#### Description of the task
Everything from the line containing "關(guān)于發(fā)布" through the final line of the entries, both included, should be copied exactly and with nothing else; please skip pictures.

#### Extracted information

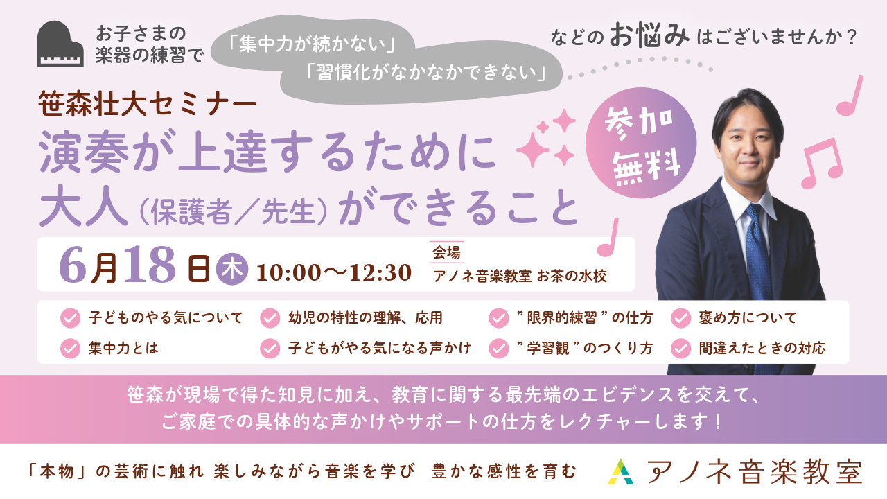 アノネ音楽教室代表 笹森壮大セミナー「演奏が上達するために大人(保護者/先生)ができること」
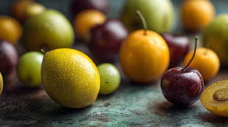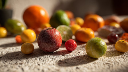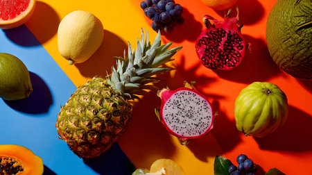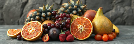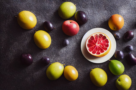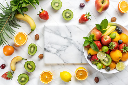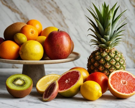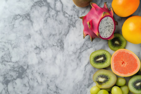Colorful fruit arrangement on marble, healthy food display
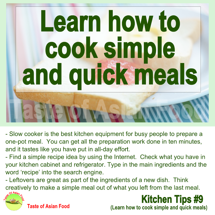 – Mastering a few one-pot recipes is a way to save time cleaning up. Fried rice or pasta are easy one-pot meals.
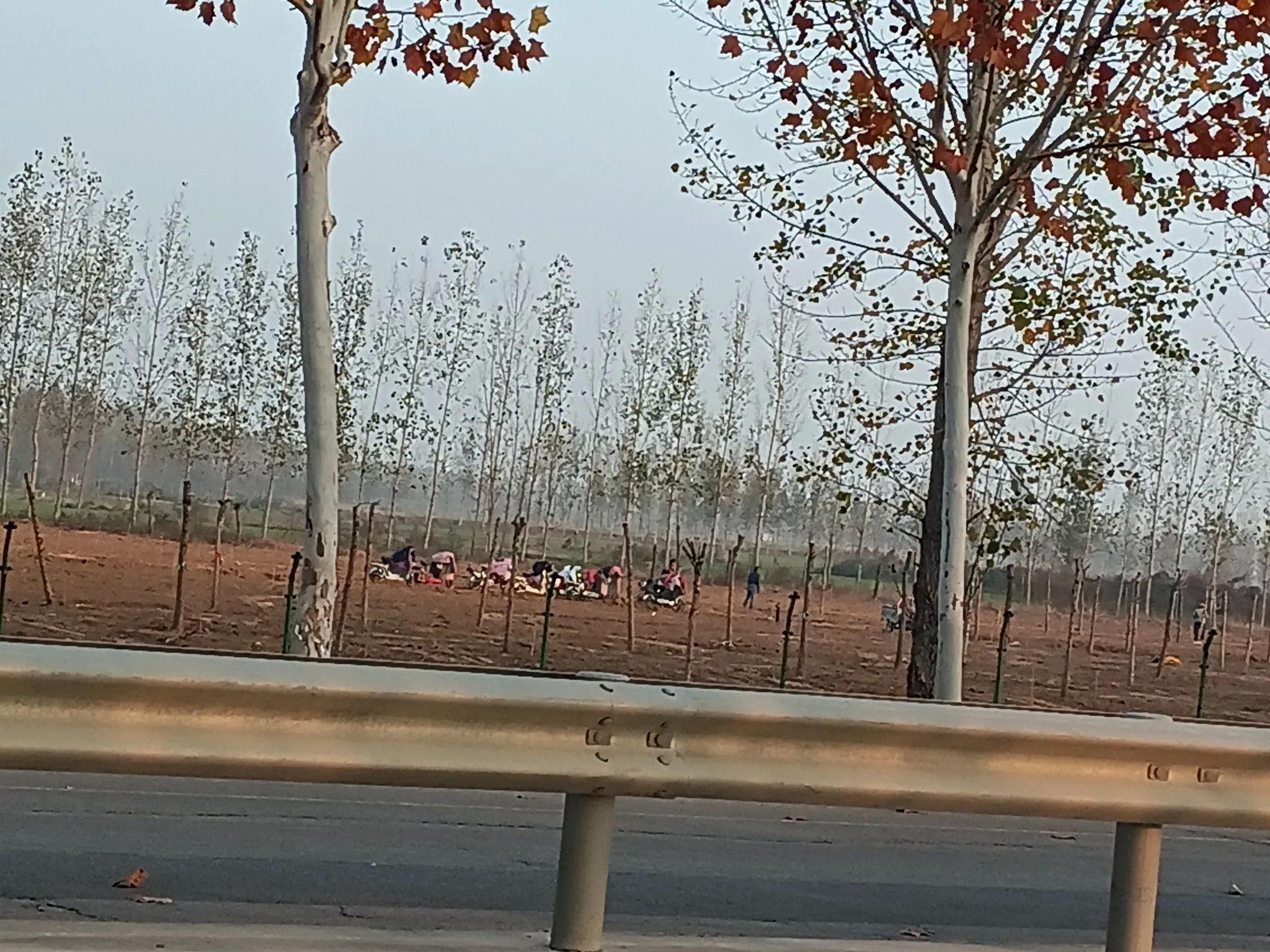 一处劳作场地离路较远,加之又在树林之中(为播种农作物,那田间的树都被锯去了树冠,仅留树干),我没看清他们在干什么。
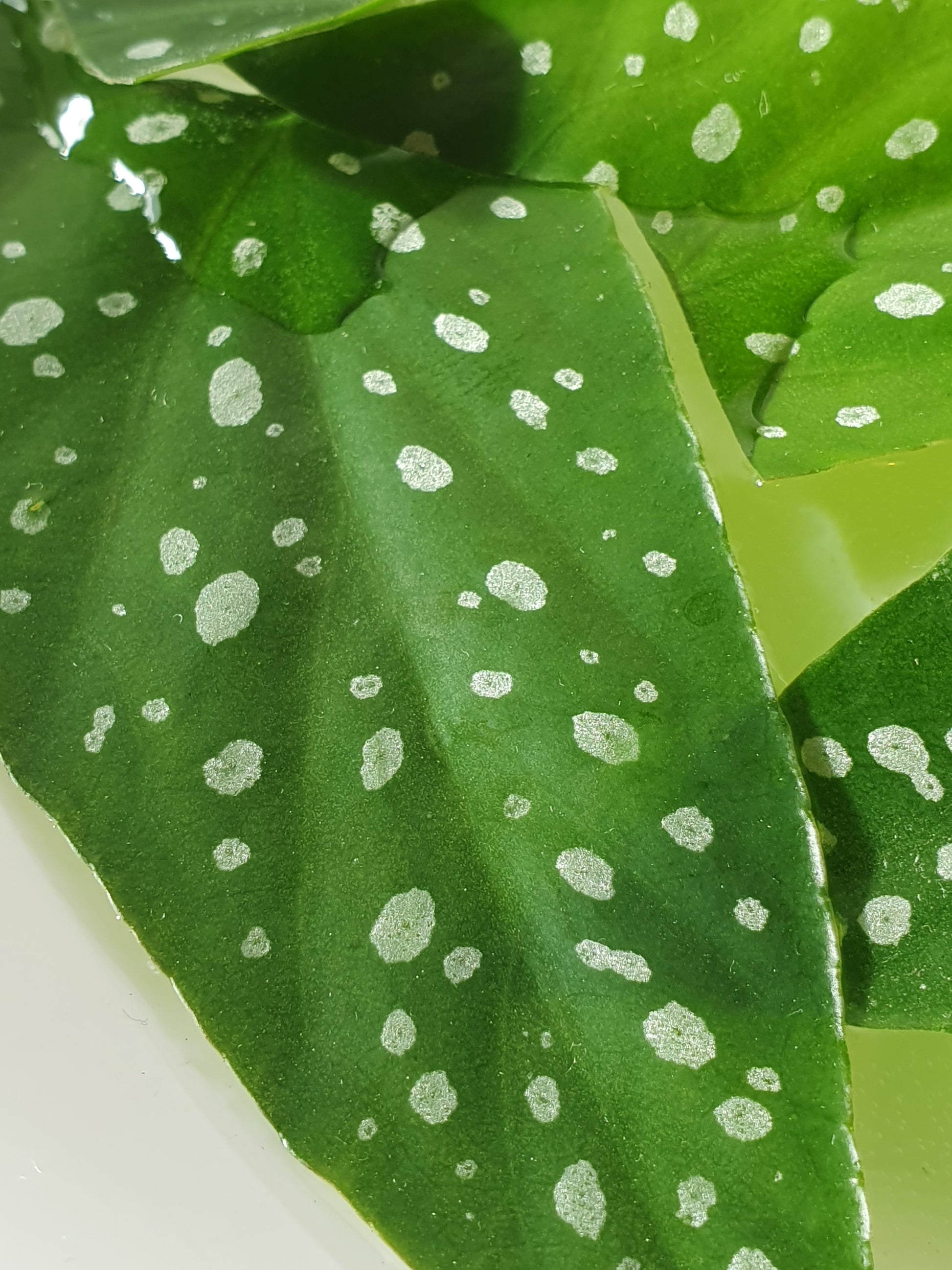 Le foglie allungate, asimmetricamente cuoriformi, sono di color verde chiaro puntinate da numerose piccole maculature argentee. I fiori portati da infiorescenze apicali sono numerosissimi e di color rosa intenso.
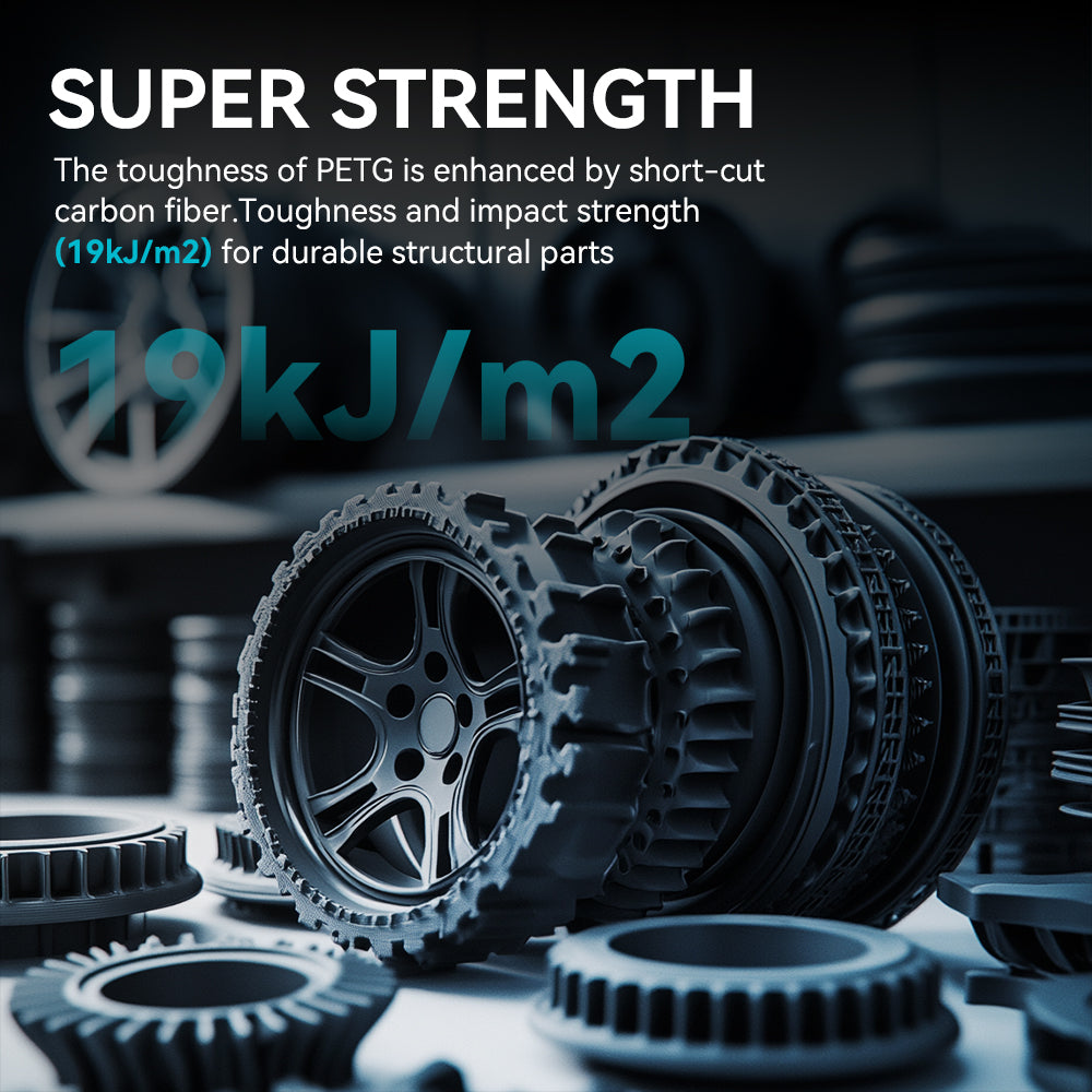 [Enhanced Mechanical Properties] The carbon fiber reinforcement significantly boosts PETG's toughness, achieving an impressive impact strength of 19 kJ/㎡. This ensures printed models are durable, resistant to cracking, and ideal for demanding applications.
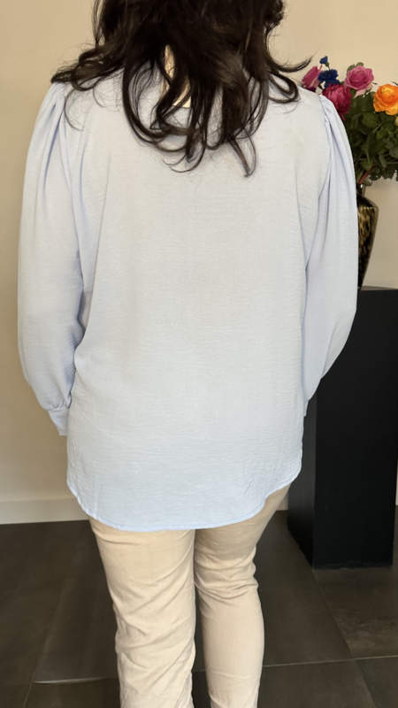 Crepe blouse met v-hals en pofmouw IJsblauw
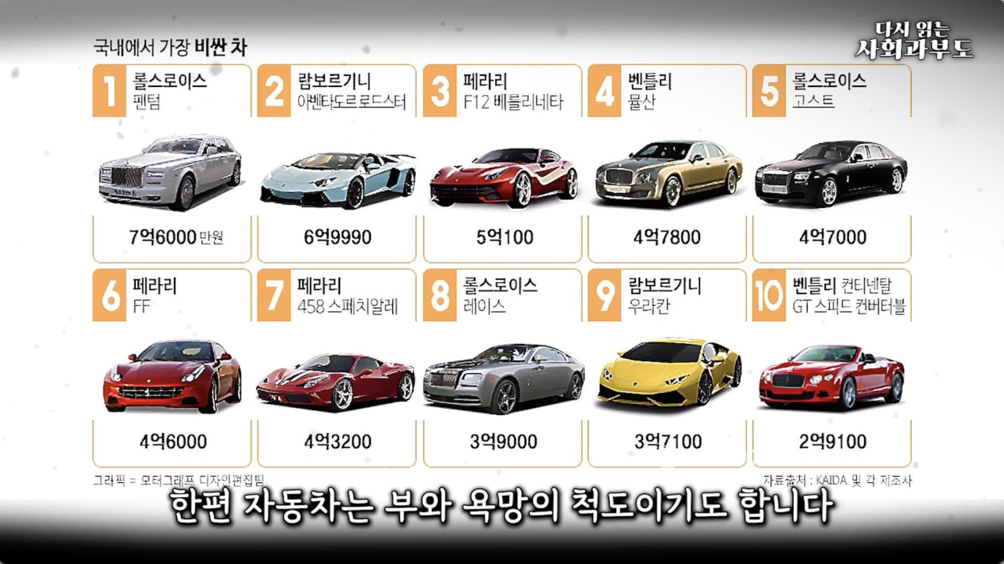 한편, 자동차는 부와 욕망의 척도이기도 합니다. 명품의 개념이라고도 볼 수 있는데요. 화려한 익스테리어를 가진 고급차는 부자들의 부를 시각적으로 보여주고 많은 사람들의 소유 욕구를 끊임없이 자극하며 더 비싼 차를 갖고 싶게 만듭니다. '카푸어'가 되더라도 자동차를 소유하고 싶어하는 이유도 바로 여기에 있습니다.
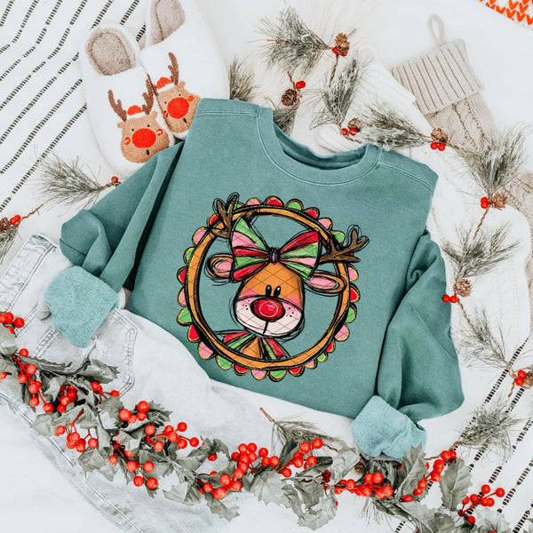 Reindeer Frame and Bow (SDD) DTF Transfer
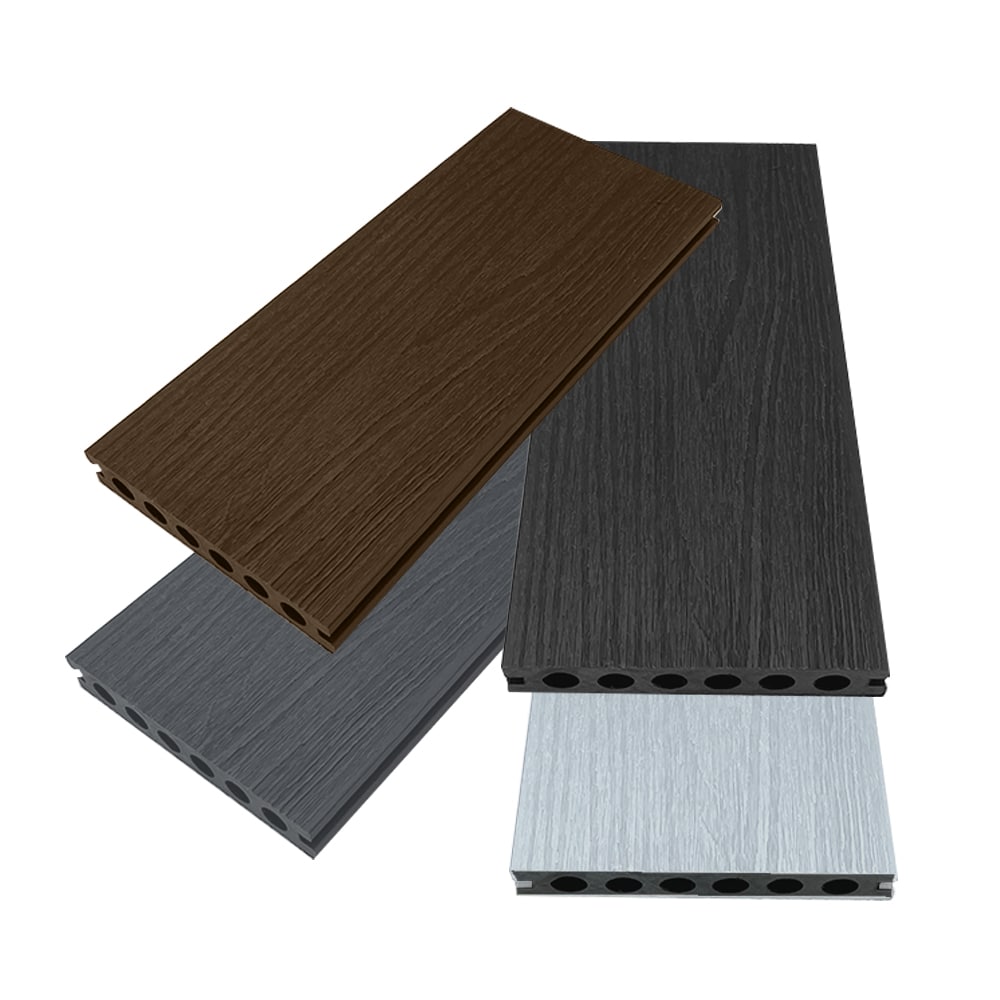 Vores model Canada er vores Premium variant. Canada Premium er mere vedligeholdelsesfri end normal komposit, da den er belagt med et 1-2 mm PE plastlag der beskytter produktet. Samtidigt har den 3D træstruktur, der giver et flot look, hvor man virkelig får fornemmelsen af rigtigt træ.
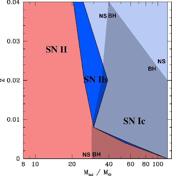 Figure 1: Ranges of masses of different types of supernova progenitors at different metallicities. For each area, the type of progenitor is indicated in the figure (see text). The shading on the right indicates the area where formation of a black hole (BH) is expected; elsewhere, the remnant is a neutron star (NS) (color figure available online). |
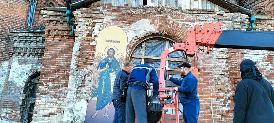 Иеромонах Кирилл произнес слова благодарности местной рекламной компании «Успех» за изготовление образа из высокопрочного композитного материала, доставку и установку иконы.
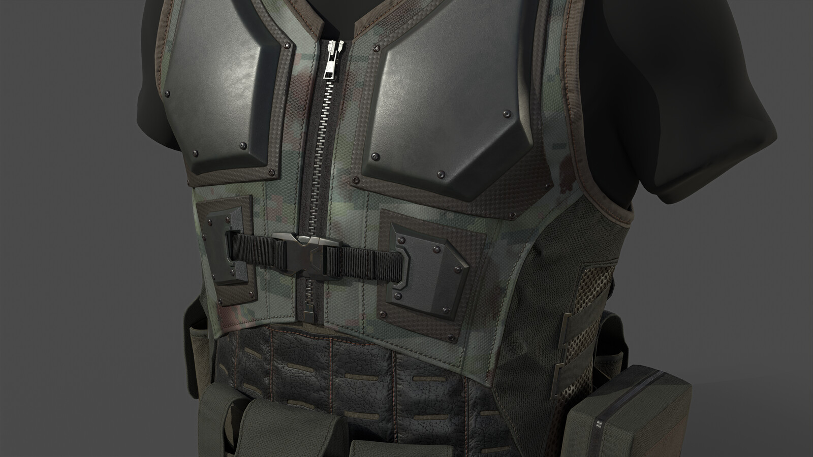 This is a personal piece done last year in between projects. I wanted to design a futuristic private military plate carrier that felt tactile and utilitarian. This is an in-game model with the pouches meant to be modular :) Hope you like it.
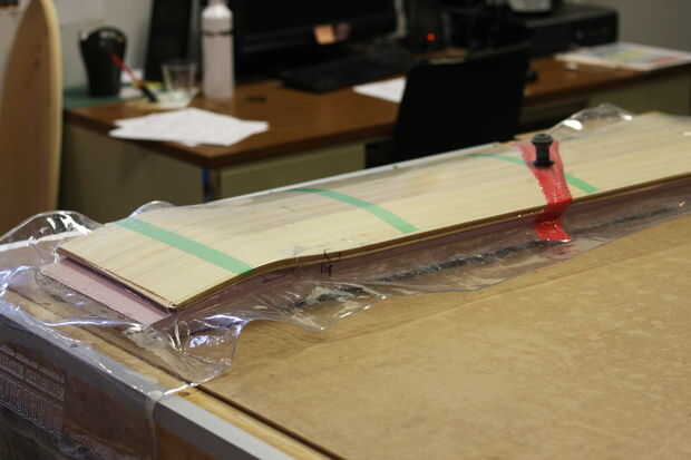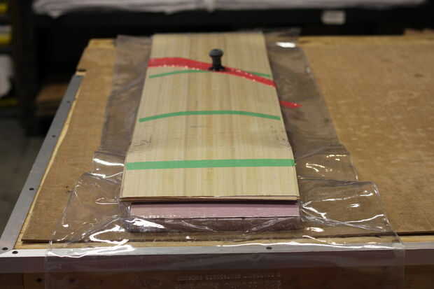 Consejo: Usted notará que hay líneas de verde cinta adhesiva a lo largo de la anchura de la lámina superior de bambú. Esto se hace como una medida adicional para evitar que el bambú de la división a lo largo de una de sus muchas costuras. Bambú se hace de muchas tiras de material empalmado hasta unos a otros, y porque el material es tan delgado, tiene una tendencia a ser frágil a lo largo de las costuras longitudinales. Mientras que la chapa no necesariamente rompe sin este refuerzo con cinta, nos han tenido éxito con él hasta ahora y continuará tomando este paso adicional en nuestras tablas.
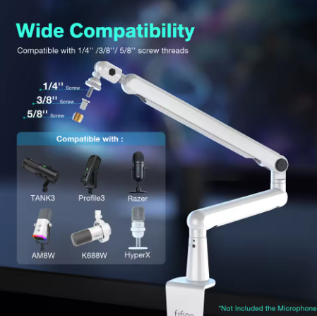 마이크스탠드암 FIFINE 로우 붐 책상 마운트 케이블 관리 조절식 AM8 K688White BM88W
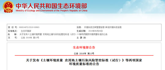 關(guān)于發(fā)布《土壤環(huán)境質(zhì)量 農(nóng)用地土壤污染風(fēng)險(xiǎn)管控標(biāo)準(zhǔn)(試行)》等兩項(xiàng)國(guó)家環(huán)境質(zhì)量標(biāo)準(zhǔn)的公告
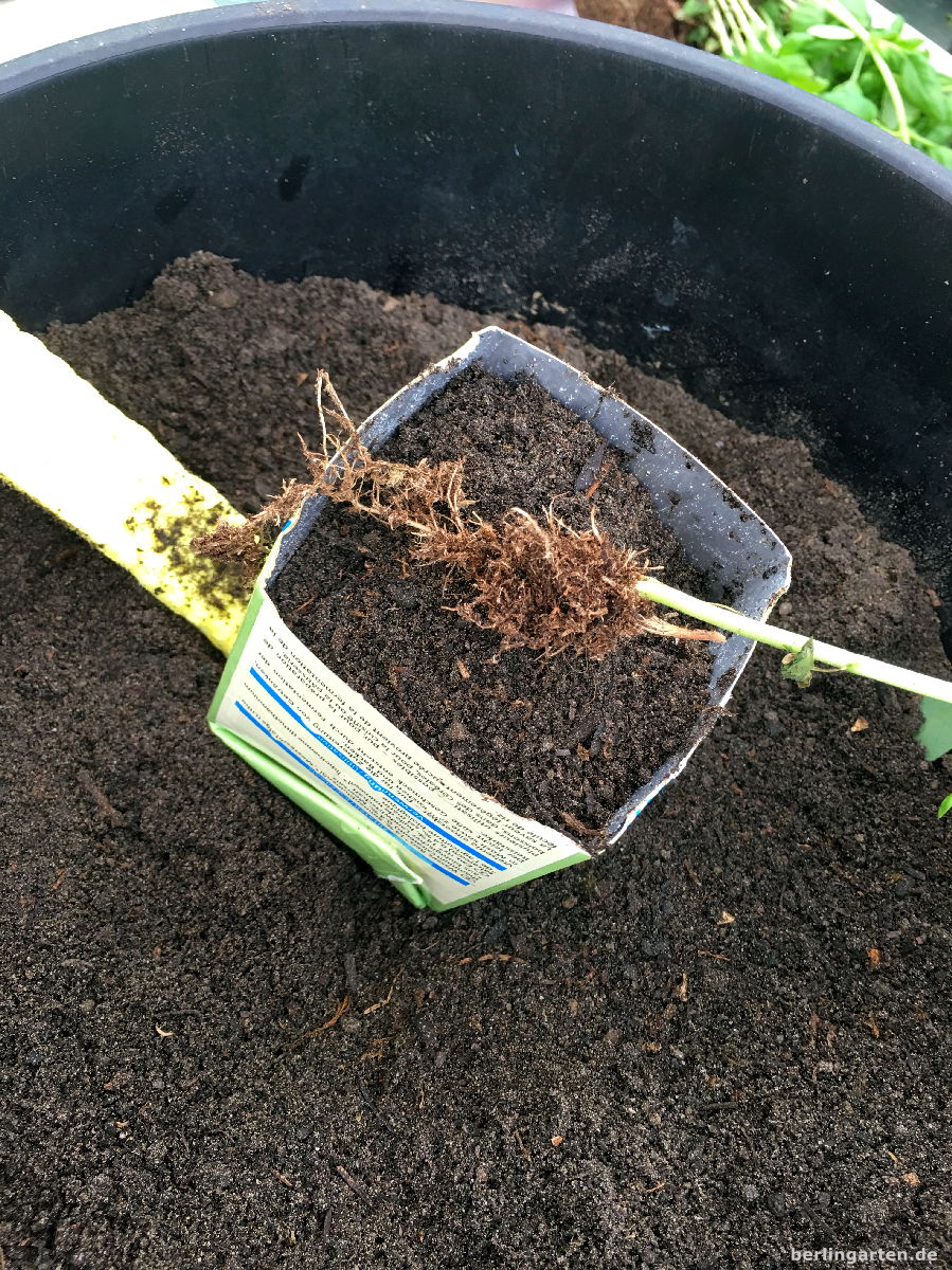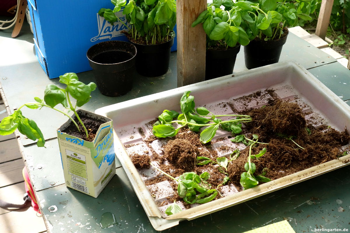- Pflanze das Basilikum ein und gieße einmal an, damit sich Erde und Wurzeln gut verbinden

#### Response to the task
 關(guān)于發(fā)布《土壤環(huán)境質(zhì)量 農(nóng)用地土壤污染風(fēng)險(xiǎn)管控標(biāo)準(zhǔn)(試行)》等兩項(xiàng)國(guó)家環(huán)境質(zhì)量標(biāo)準(zhǔn)的公告
- Pflanze das Basilikum ein und gieße einmal an, damit sich Erde und Wurzeln gut verbinden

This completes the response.